Don't put a whole lot of stock into this report! Less than 1% is squat and a nationwide poll of market conditions is ridiculous to even report on since there is no such thing as a Nationwide market. Averages mean nothing from such a large area.
Here in So CAl, we have expereinced a 10% drop in the first 6 months! I bet that is not in their report.
Will Barnard, Barnard Enterprises, Inc.
E-Mail: info@barnardenterprises.com
Website: http://www.barnardenterprises.com
info@barnardenterprises.com
Love to see the data in this report as I suspect all we are seeing is more Foreclosure sales in the Move Up and Upper End. Last year it was all cheap REO's getting sold now that has slowed down and we are seeing nicer properties sold at steep discounts.

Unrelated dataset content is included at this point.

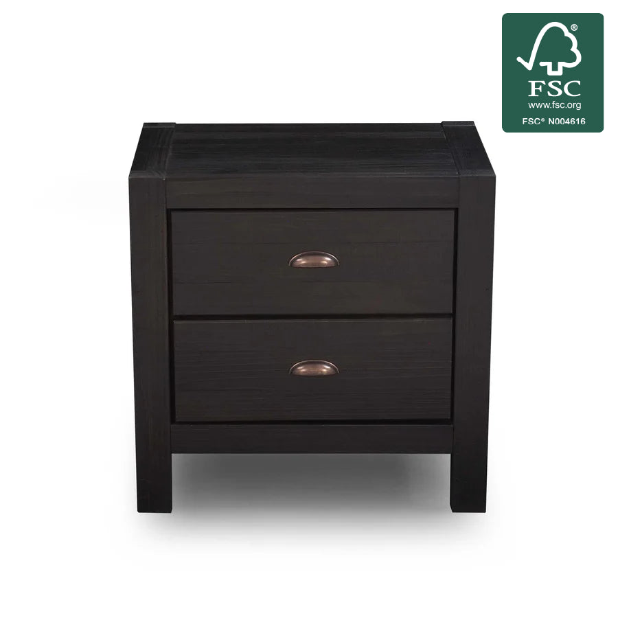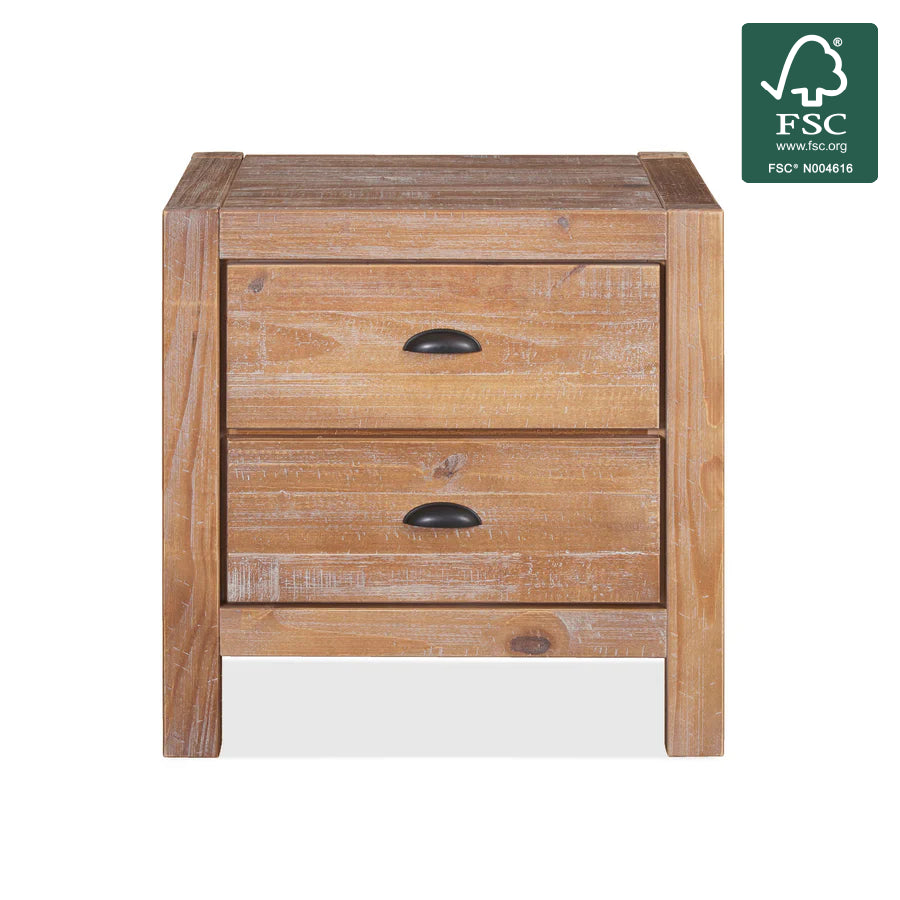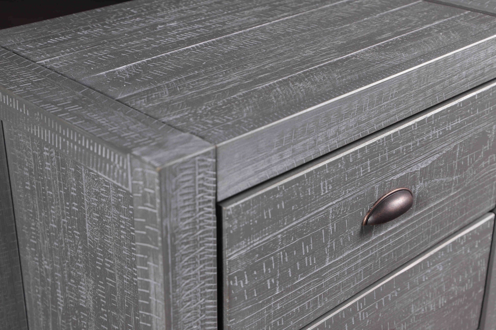 Give your bedroom a rustic look with the warmth of this solid wood nightstand. Made of 100% solid pine wood, this nightstand features a sturdy construction that can last for years. The finish is designed to accentuate the unique grain, knots, and natural textures in the wood panels; and each piece is sanded and distressed by hand leading to variations in the color and texture that make every unit unique. This distressed finish is very durable and easy to touch-up.

Problem is when you look at total value of all sales and divide by number of transactions the Average Price point is bound to rise as you foreclose on less junk and foreclose on more nice stuff.
These national numbers and national trends are a joke!!!
One man's opinion
On the residential side:
Fact: 300,000 bank owned properties listed for sale nationwide
Fact: Another 700,000 foreclosed properties not yet listed for sale so the market won't be flooded.
Fact: About 2,000,000 more loans in pre-foreclosure stages.Might be trying a loan mod,bankruptcy,short sale etc. Some are just 30 to 60 days behind but will eventually get there.
Best estimate to absorb the defaulted loans today and int he future is about a 3 to 4 year span on the residential side.
Now what you have to do is look at your LOCAL MARKET.There are small pockets where prices have continued to rise and short sales and foreclosures are almost non-existent.There was never a down turn in these area.
So don't look at nationwide data and say "Why isn't it this way in my back yard?"
Instead focus on the data of where you are investing.My area is definitely not rising.
Things in Northern Virginia look good. Joel is correct that there are markets within markets within markets. I really only follow certain target areas/neighborhoods. And then only the low end (under 250K). Many lower end properties are well off their lows of 2009-2010 (in many cases 30-40% or more). We have the good luck combination of low unemployment and net population increases. The rental market is very tight and should remain so for the next few years.